Alamy Limited
- Type: Subsidiary
- Industry: Publishing, media, web design, graphic design, stock photography
- Founded: 15 September 1999; 26 years ago
- Founder: Mike Fischer; James West;
- Headquarters: Abingdon, Oxfordshire, United Kingdom
- Products: Digital images, video
- Services: Rights-managed and royalty-free images and video
- Parent: PA Media
- Website: www.alamy.com

= Alamy =

British stock photography agency

Alamy Limited (d/b/a alamy) is a British privately owned stock photography agency launched in September 1999. It is an online supplier of stock images, videos, and other image material. Their content comes from agencies and independent photographers, or are collected from news archives, museums, national collections, and public domain content copied from Wikimedia Commons. Its headquarters are in Milton Park, near Abingdon, Oxfordshire, United Kingdom.

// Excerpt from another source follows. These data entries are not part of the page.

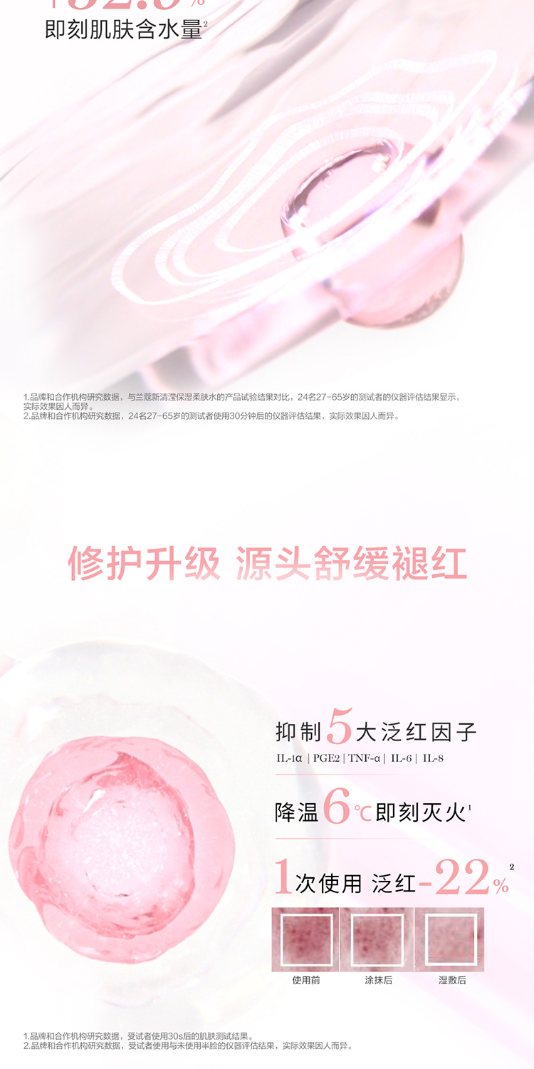 带来双倍补水功效*,一瓶见效,舒缓肌肤泛红**。
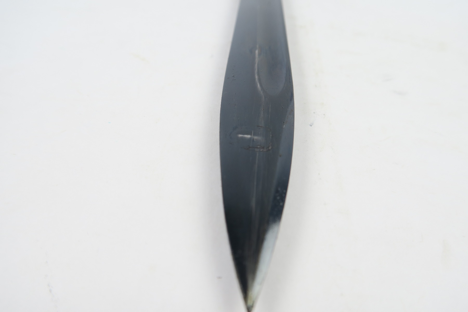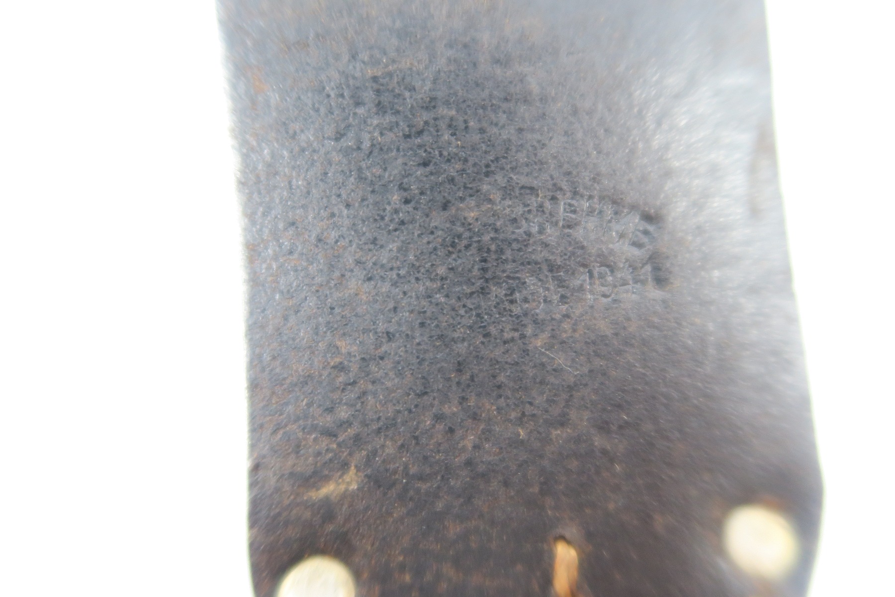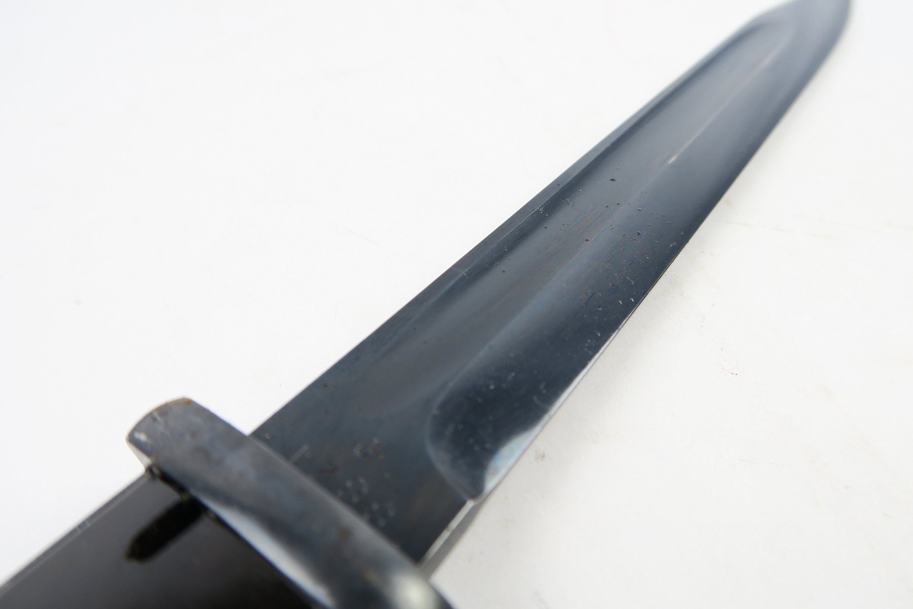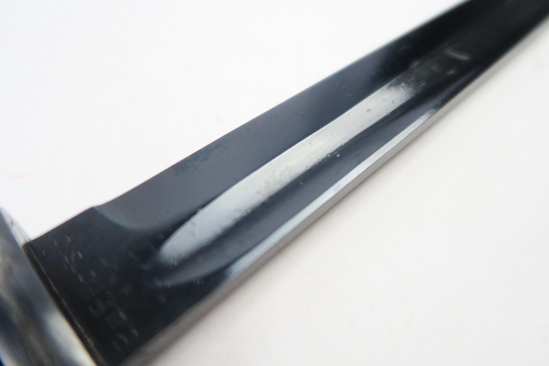 5/2/18 – This is an original K98 bayonet, all matching and complete with original scabbard, leather frog (dated 1941), and portepee. The bayonet handle is waffen WaA253 proof stamped with excellent original bluing and no cracks or chips in the bakelite. The blade is beautifully blued as well with “8821 c” serial number and a maker stamp on the reverse side. The scabbard is similarly excellent and serial numbered to match. The portepee is attached by a leather strap and is in great condition with minimal wear and some fading of the original yellow and white colors. Guaranteed all original.
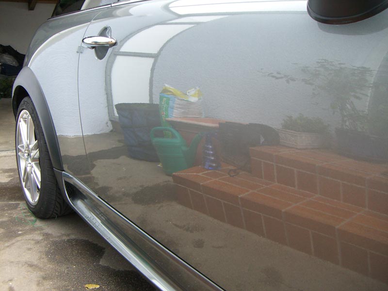 Die Arbeit war sehr deprimierend, weil keine deutliche Besserung zu sehen war (in meinen Augen, sollte man sofort beim Putzen einen merkbaren Erfolg erzielen können, weil dadurch die Lust daran nicht vergeht). Doch als ich abends meinen Kleinen in die Garage stellte, hab ich bei dunklerem Licht doch einen ziemlichen Unterschied gesehen .Darüber hinaus muss man klar sagen, dass die fießen weißen Flecken ohne Porbleme raus gingen.
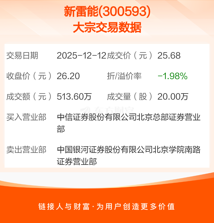 大宗交易:新雷能成交513.60万元,折价1.98%(12-12)
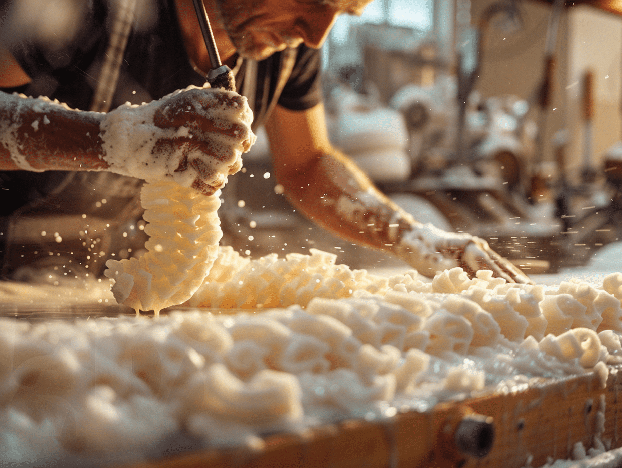La transformation des mousses se déroule en plusieurs étapes clés. Le mélange des ingrédients est préparé dans des proportions précises pour garantir une réaction chimique adéquate. L’agent gonflant est ajouté, entraînant la formation de bulles dans le mélange. Le matériau est alors coulé dans des moules spécifiques pour obtenir des formes personnalisées.
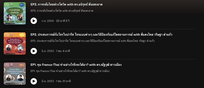 รายการ Life is Pain au Chocolat รายการที่จะพาทุกท่านไปสนทนากับนักเรียนไทยในประเทศฝรั่งเศสรวมไปถึงศิษย์เก่าที่เคยศึกษาที่ประเทศฝรั่งเศส หลากหลายสาขา ในแต่ละตอนเราจะชวนให้แขกรับเชิญของเราแชร์ประสบการณ์การใช้ชีวิต เล่าเกี่ยวกับสิ่งที่ศึกษา และพูดคุยในหัวข้อหลักที่เราหยิบยกมาในแต่ละตอนรายการ Life is Pain au Chocolat นี้ได้รับการสนับสนุนโดยสมาคมนักเรียนไทยในประเทศฝรั่งเศสในพระบรมราชูปถัมภ์
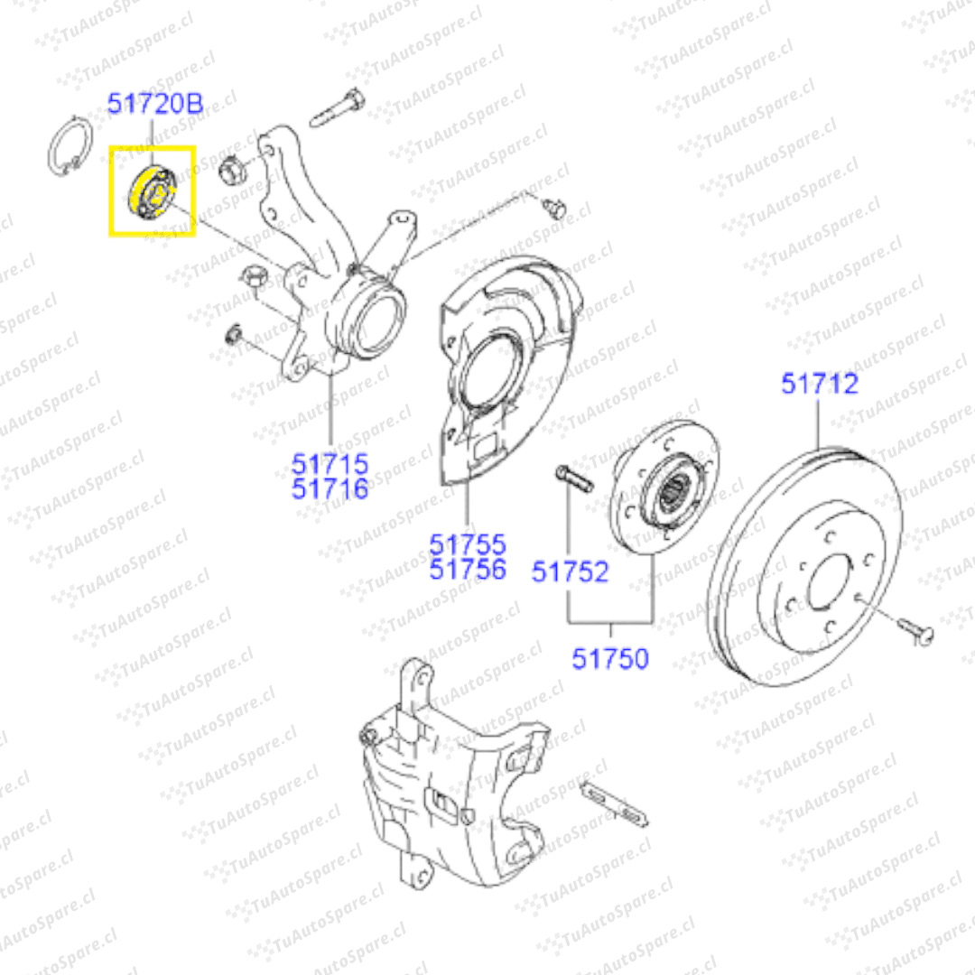 Rodamiento Delantero ELANTRA (1.6, 1.8) 2001-2006, Izq/Der 51720-2D000

It has a development and operations centre at Technopark in Trivandrum, Kerala, India, and a sales office in Brooklyn, New York, United States.

== History ==
James West, a graduate of Edinburgh University, was the CEO of Alamy and co-founded the company with Mike Fischer in 1999. Fischer, the ex-chairman and co–founder of the firm, was also co-founder and CEO of RM plc. In 2002, Alamy won an EMMA (Electronic Multimedia Awards) award for technical excellence. The purpose of the award is to recognize excellence in digital media content creation. It also introduced a 24/7 high-resolution download tool for customers. The technical innovation continued with virtual CDs becoming a replacement for royalty-free (RF) image CDs.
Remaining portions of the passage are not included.